Primo Levi: Come si evince dall’esperienza di Primo Levi nei campi di concentramento nazi-fascisti, la strategia per abbattere gli animi dei prigionieri consisteva nella mescolanza degli stessi senza badare alla diversa nazionalità, affinché questi non potessero comunicare o farsi forza l’un l’altro. Le persone deportate, invece, svilupparono una lingua tutta loro che rifletté la disparità di potere subìta: basata sul tedesco ma arricchita da una serie di termini lessicali presi in prestito dalle varie lingue madri, denominata Lagersprache

 

Abbiamo fatto i conti con il colonialismo?

Prendendo come esempio recente il referendum australiano, lo strascico della disparità di potere evocata dal colonialismo è ben evidente: questo provvedimento politico aveva l’obiettivo di riconoscere gli aborigeni australiani nella Costituzione che, sulla carta, hanno eguali diritti ma che, di fatto, sono maggiormente ostacolati nell’istruzione, hanno una mortalità infantile più elevata e un’ aspettativa di vita più bassa, come sostiene il movimento Survival International. La bocciatura del suddetto referendum, per il timore che la popolazione ottenesse << troppi diritti >>, rispecchia un mondo che non ha ancora fatto i conti con un passato violento, che ha causato sofferenze e morti ingiuste, nonostante questo sia a portata di orecchio: la lingua parlata dagli “aborigeni” – parola scelta dai colonizzatori – è un creolo che, come ogni altro, sottolinea come la popolazione sia stata invasa e, per istinto di sopravvivenza, portata ad includere l’inglese nel proprio parlato.

Bandiera dei popoli indigeni australiani: Il nero simboleggia il colore della pelle, il rosso il colore della terra su cui camminano ed il cerchio giallo rappresenta il sole. Aumentare la rappresentanza politica passa anche dalla lingua, per una integrazione volontaria piuttosto che una costrizione verso l’omologazione con la cultura dominante

 

In linguistica, il creolo, infatti, è una lingua che si è stabilizzata nel corso delle nuove generazioni e che si è evoluta a partire da un “pidgin”, ovvero un sistema di comunicazione molto semplificato, di derivazione multi-linguistica, che si è instaurato in seguito a dei contesti che distribuiscono il potere in mano ad una popolazione a scapito delle altre con cui è in contatto.

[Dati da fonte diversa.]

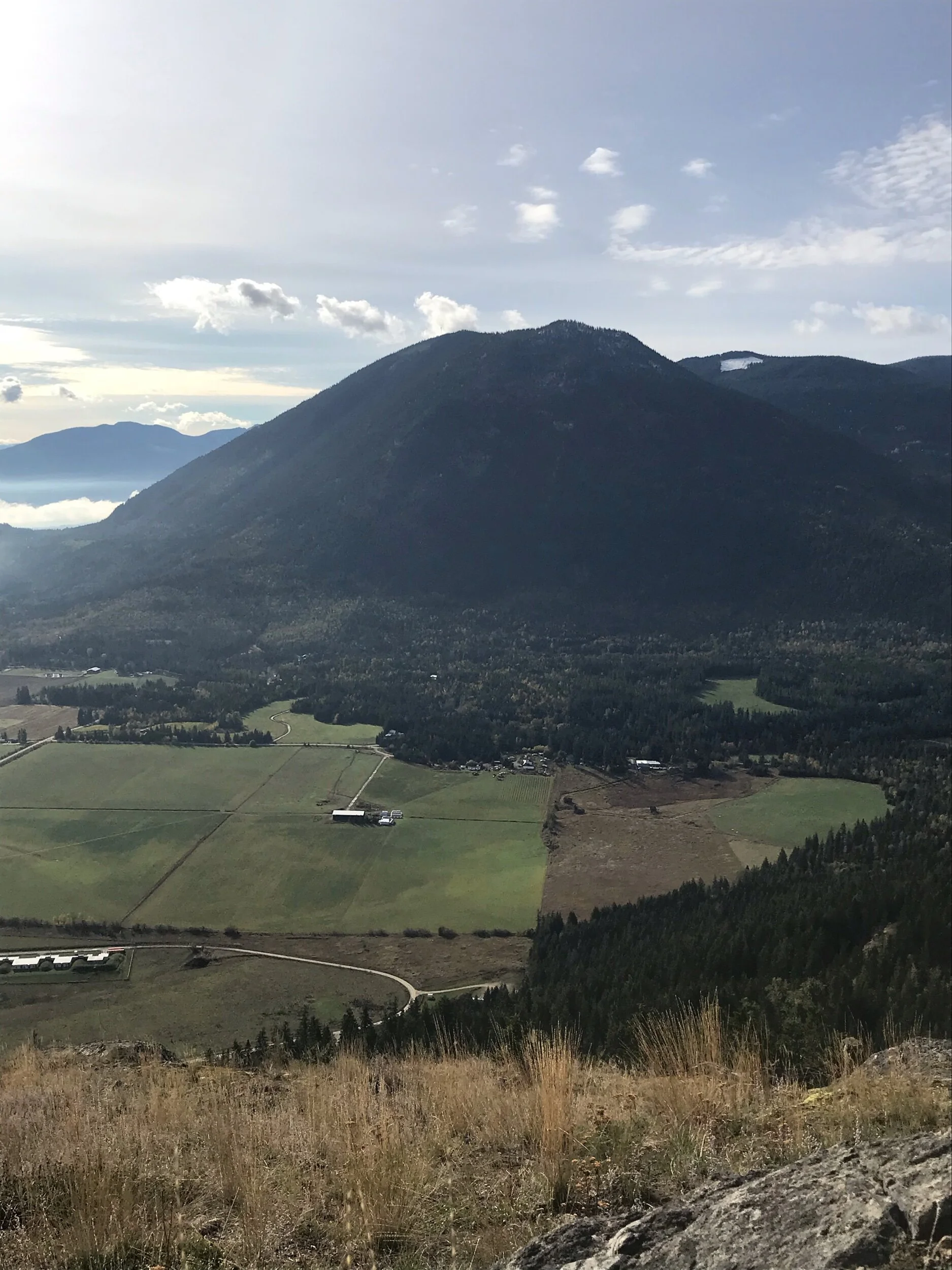 The top opens up to a jaw-dropping panoramic view of our gorgeous region! The lake, the sky, the clouds, the farmlands, and the mountains were wondrous! I have to say, it is one of the best viewpoints around! And we are surrounded by incredible viewpoints here in the Shuswap. The short hike, with the epic finale, made this a perfect quick weekday morning trek.

Nella teoria linguistica si parla della “situazione del forte” e della “situazione della piantagione”: nella prima un gruppo di persone stabilisce dei legami con le comunità multilingue originarie dell’area che è stata invasa – come avvenne alla fine del XV secolo tra l’Impero portoghese e le popolazione delle regioni asiatiche, come l’India, per il monopolio delle spezie nelle tratte commerciali – mentre nella seconda un gruppo di persone preleva dalle loro aree di origine altre persone e le costringe a lavorare nelle piantagioni, schiavizzandole, senza che vi sia una lingua ad accomunarle – è così che l’Impero britannico conquistò la Giamaica e vi portò a lavorare gli schiavi provenienti dall’Africa occidentale.

Le lingue creole resistono ancora oggi, come quelle a base portoghese che si parlano in India e Sri Lanka o quella a base inglese che si parla in Giamaica. È facile intuire, adesso, che ogni lingua ha una sfumatura politica che racconta il nostro passato, più spesso i nostri errori.